Il ne s’agit que d’éléments épars, qui empêchent d’avancer une conclusion précise. On observera tout de même que notre hypothèse sur une sorte de manœuvre bureaucratique (complot) anti-JSF de l’USAF s’inscrit dans la logique de divers éléments:
• Elle explique la nervosité du groupe pro-JSF, qui sait bien l’extrême relativité du soutien de ses “amis”, dont l’USAF est prétendument le principal.
• Le regain éventuel d’activisme de l’USAF s’explique aussi par une certaine désaffection de Gates pour les problèmes bureaucratiques. Gates est plus sollicité par les questions politiques (Géorgie notamment) et songe déjà à la transition entre administrations (que ce soit avec ou sans lui). Du coup, l’USAF a le champ libre pour relancer certaines de ses manœuvres bloquées par l’affrontement avec Gates (Gates-England).
• La situation budgétaire (financière) désastreuse implique des conditions de plus en plus difficiles à Washington et un interventionnisme grandissant du Congrès, qui ne se cache plus d’être pro-F-22 dans la querelle “F-22versus F-35”.
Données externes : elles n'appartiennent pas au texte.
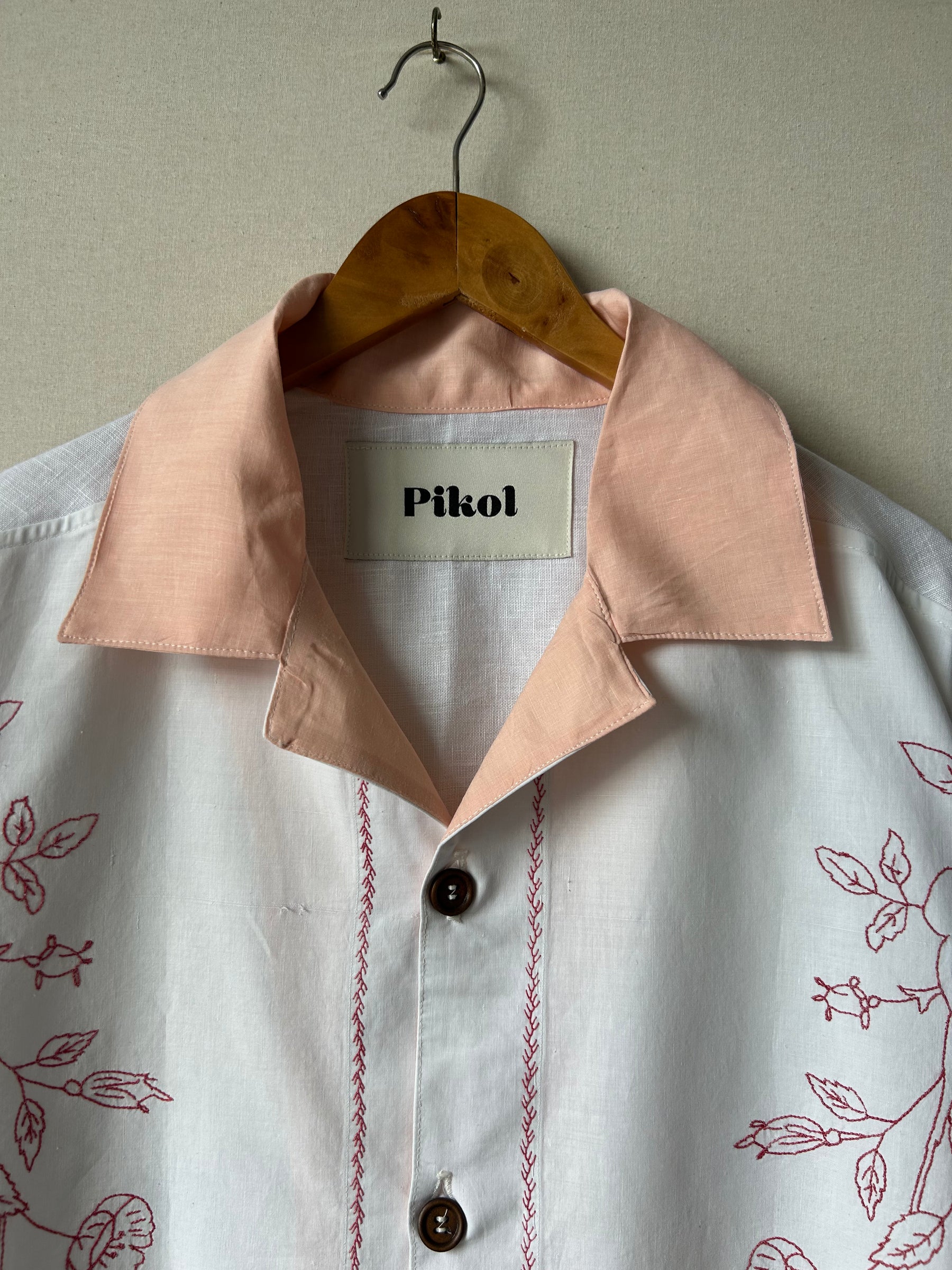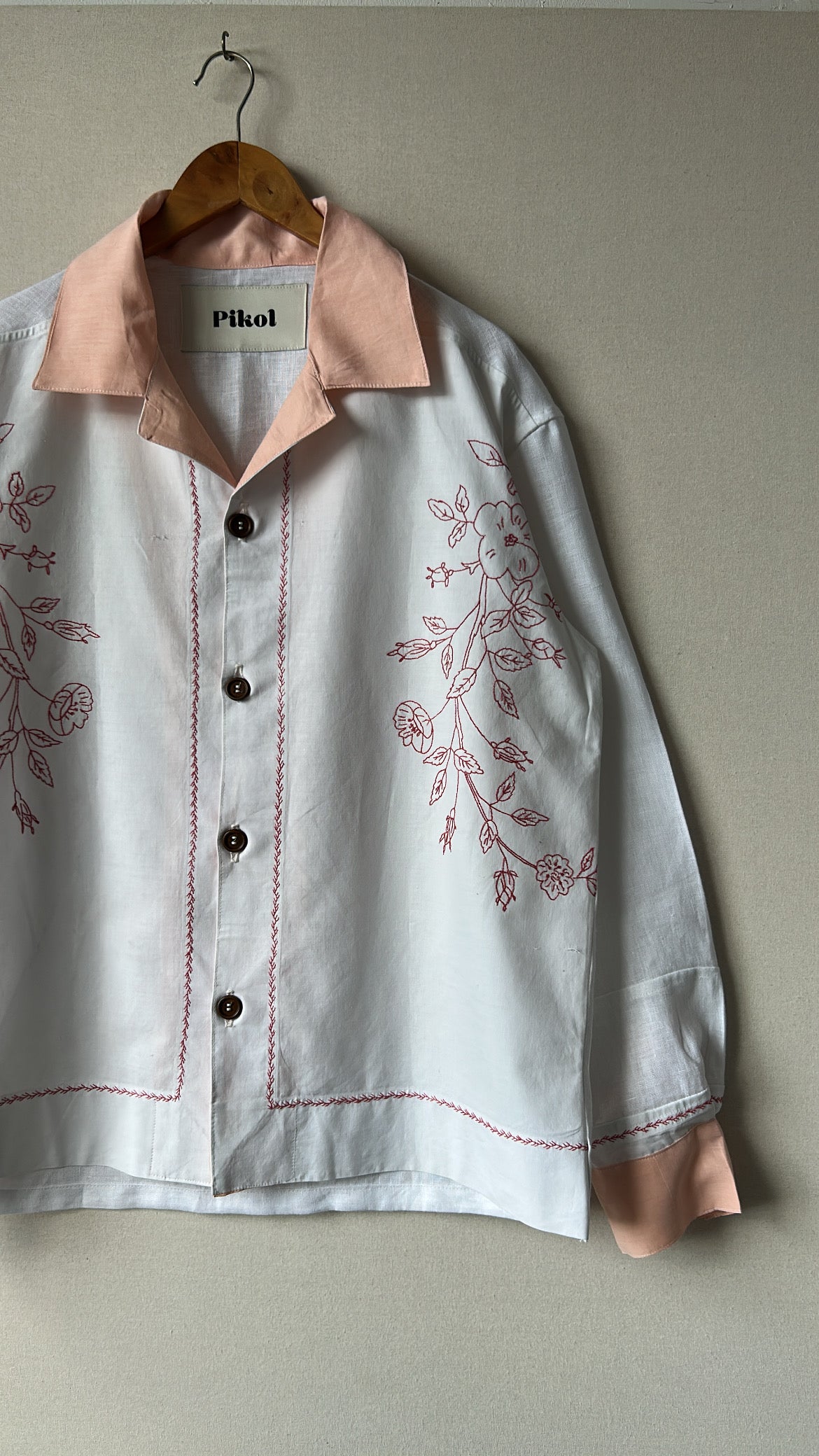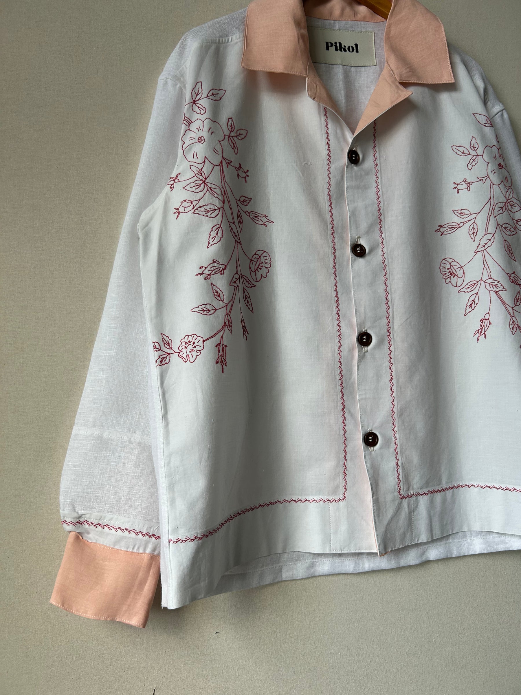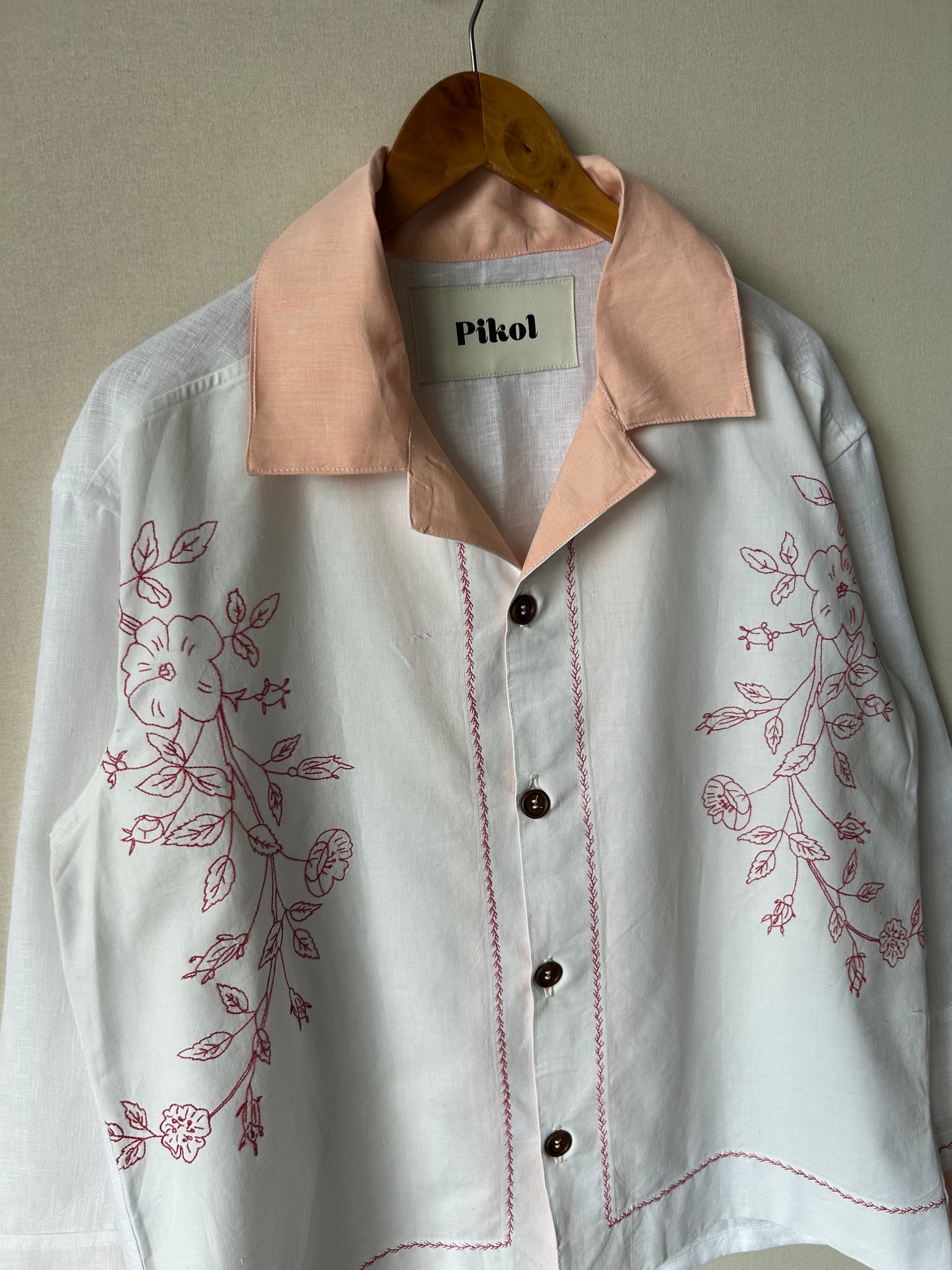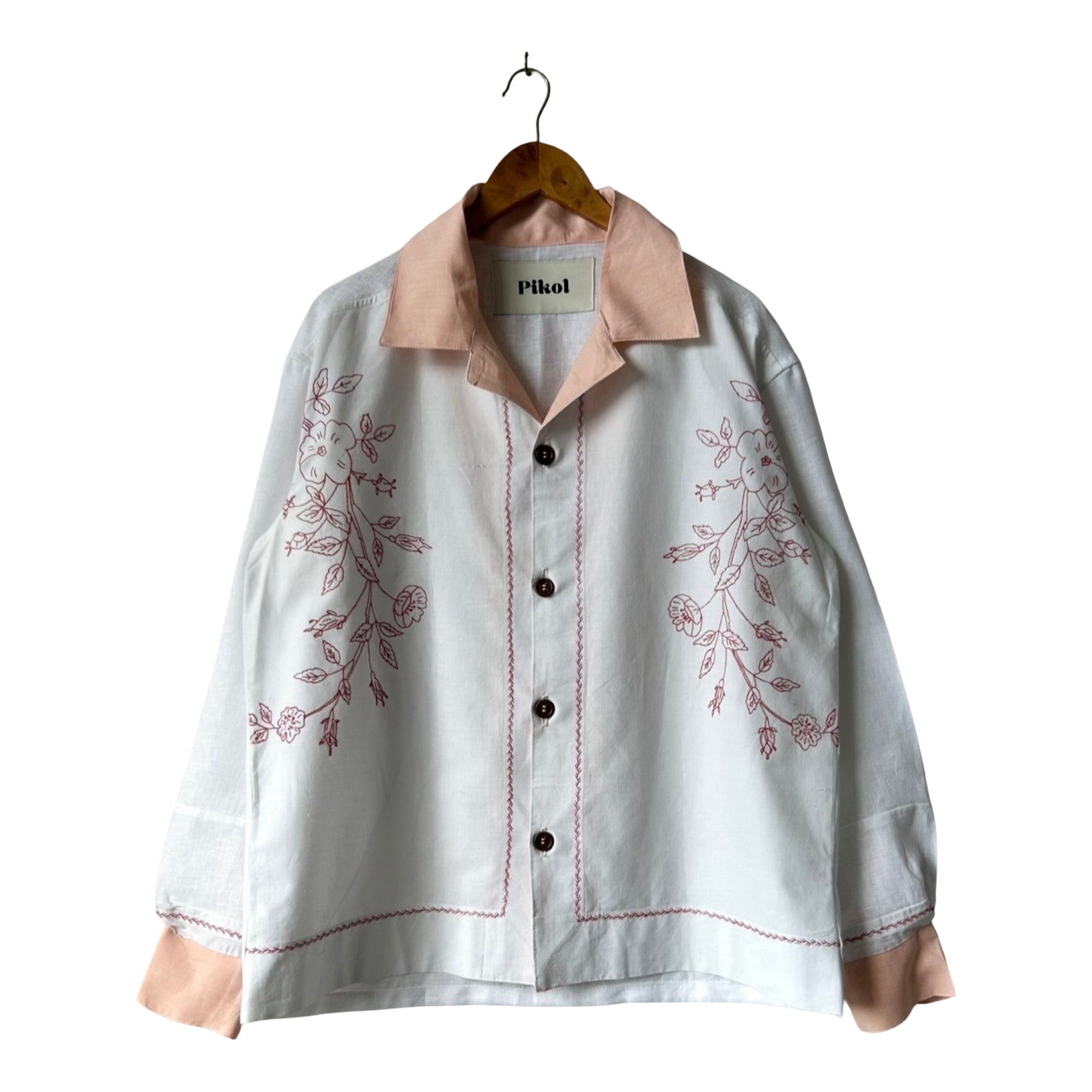 Shirt made from a vintage linen tablecloth. Fabric used may have slight imperfections

Rétrospectivement, on pourrait admettre que l’un des tournants du sort du programme JSF pourrait apparaître dans la perspective historique comme cette circonstance, machinée par les partisans du JSF (England): établir une concurrence entre le F-22 et le F-35. Vue comme un bon moyen de se débarrasser du F-22 pour laisser la voie libre au F-35, il s’avère que l’orientation contraire se profile, – au moins la sauvegarde du F-22 pour une série supplémentaire et, peut-être, de graves ennuis pour le JSF.
(On n'ira bien entendu pas jusqu’à l’hypothèse de la liquidation du JSF. Le programme est, comme on dit ;, “too big to fail”. Soit. Mais sait-on que c’est l’expression qu’on employait pour Bear Stearns, IAG, Fanny Mae et Freddie Mac, Lehman Brothers, Merrill Lynch, etc., – avant que, d’une façon ou d’une autre, ils s’effondrent?)